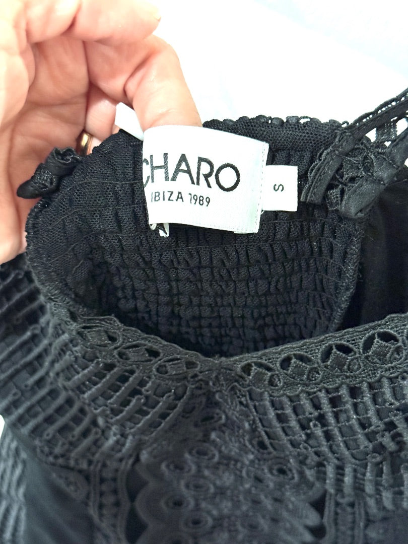 Charo Ruiz Cherrie Ruffle Trim Mini Dress Black With Eyelet Detail Women's Small
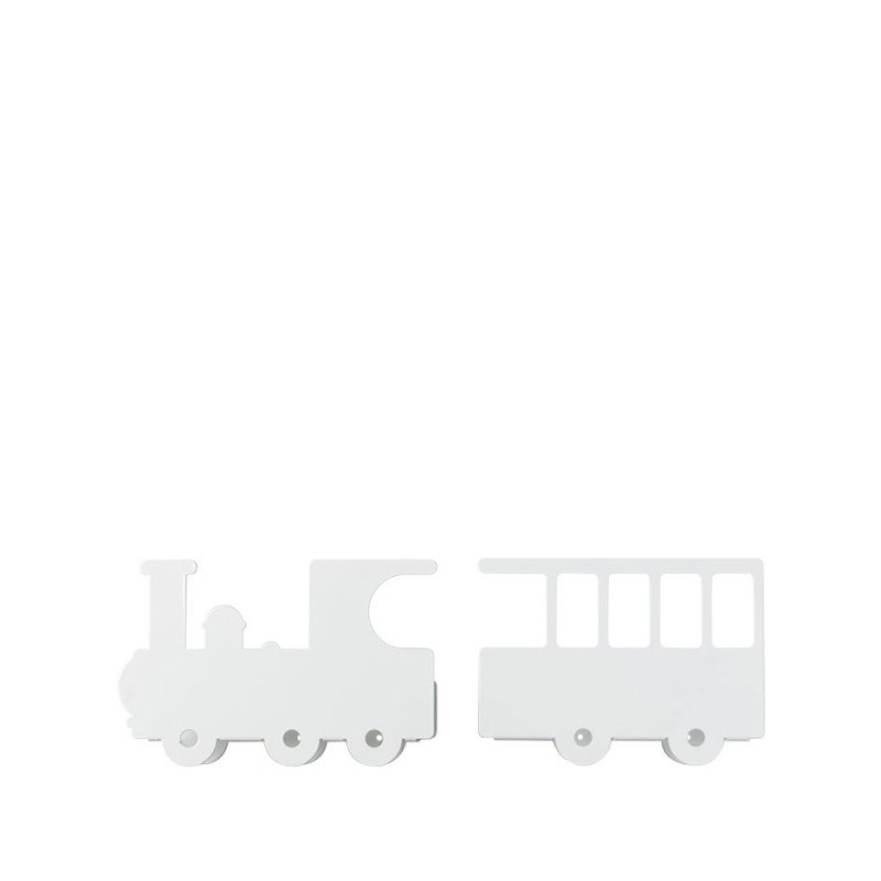 Estantería para habitaciones infantiles en forma de tren. Hecho de metal reciclado y lacado.
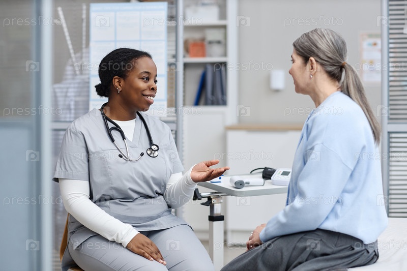 Молодые взрослые чернокожие женщины врачи консультируют пациентов средних лет белых женщин
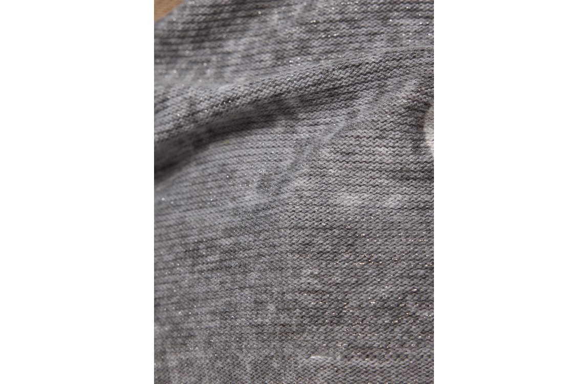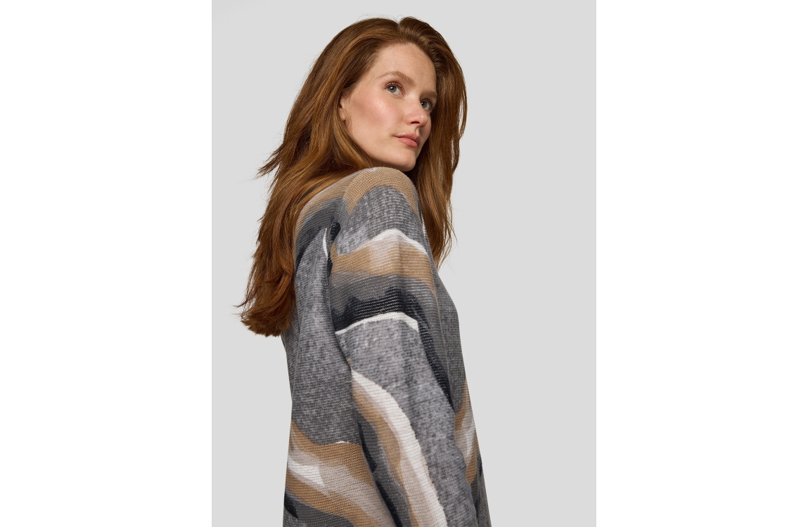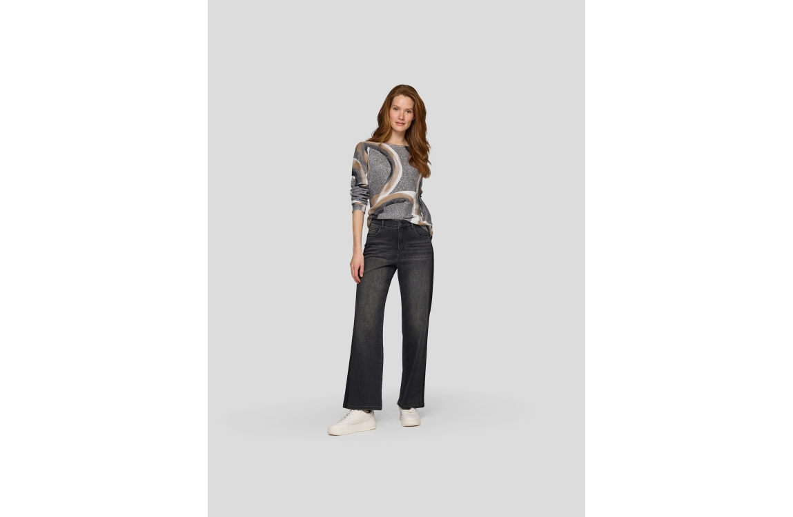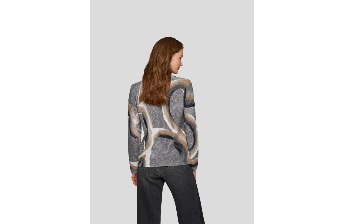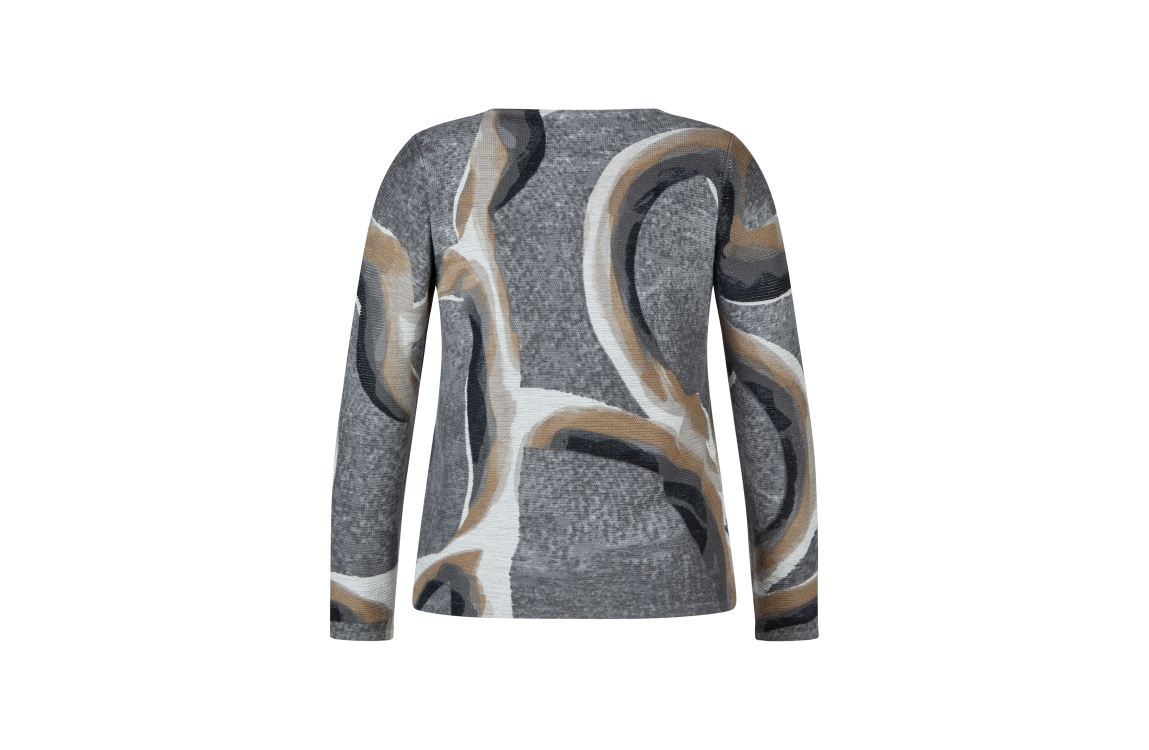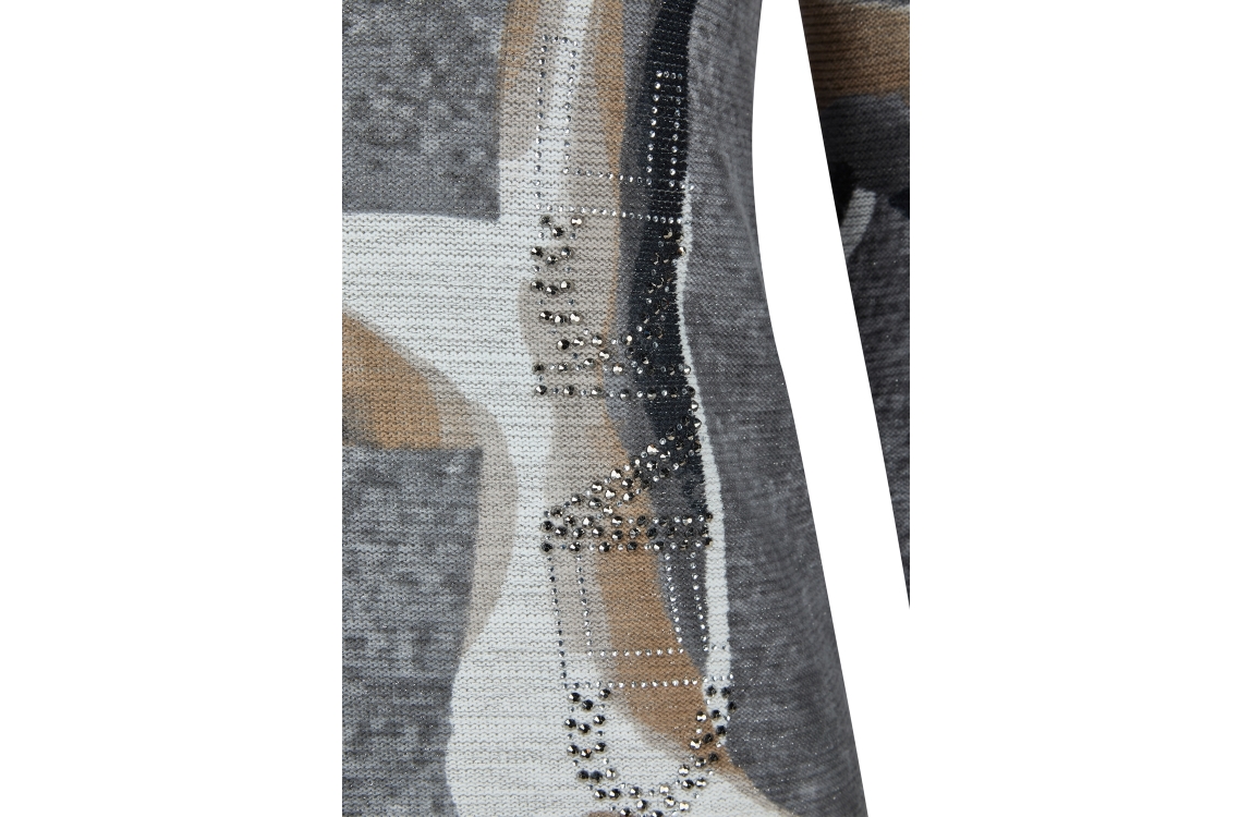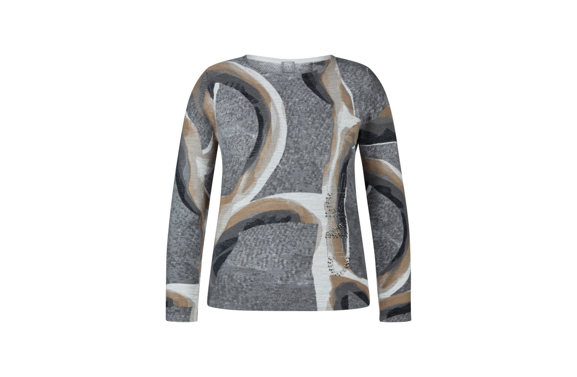 Rabe pullover 55-121628. Dit rechtvallende model heeft een ronde hals en lange mouwen. Deze grijze pullover van Rabe is bewerkt met een grafische print en strass-steentjes.
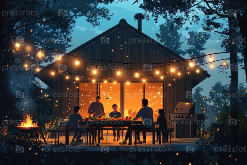 Вечернее барбекю, собирающееся на уютной деревянной даче с семьей и жареными овощами
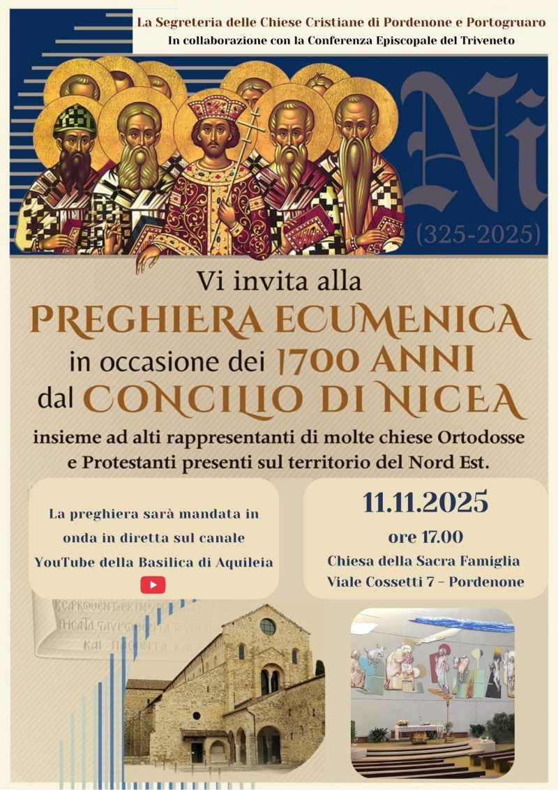 Veglia Ecumenica a Pordenone: 1700 Anni dal Concilio di Nicea In occasione dello storico 1700° anniversario del Concilio di Nicea (325-2025), la città di Pordenone ospiterà un solenne momento di preghiera ecumenica. L’evento, organizzato dalla Segreteria delle Chiese Cristiane di Pordenone e Portogruaro, in collaborazione con la Conferenza Episcopale del Triveneto, si terrà: Data: Martedì 11 novembre 2025 Ora: 17:00 Luogo: Chiesa della Sacra Famiglia … Continua a leggere »

- ASSIGNED TASK
Leaving the pictures out, give again word for word each line from the one holding "Вечернее барбекю, собирающееся" through the end of the records.

- EXERCISE ANSWER
 Вечернее барбекю, собирающееся на уютной деревянной даче с семьей и жареными овощами
 Veglia Ecumenica a Pordenone: 1700 Anni dal Concilio di Nicea In occasione dello storico 1700° anniversario del Concilio di Nicea (325-2025), la città di Pordenone ospiterà un solenne momento di preghiera ecumenica. L’evento, organizzato dalla Segreteria delle Chiese Cristiane di Pordenone e Portogruaro, in collaborazione con la Conferenza Episcopale del Triveneto, si terrà: Data: Martedì 11 novembre 2025 Ora: 17:00 Luogo: Chiesa della Sacra Famiglia … Continua a leggere »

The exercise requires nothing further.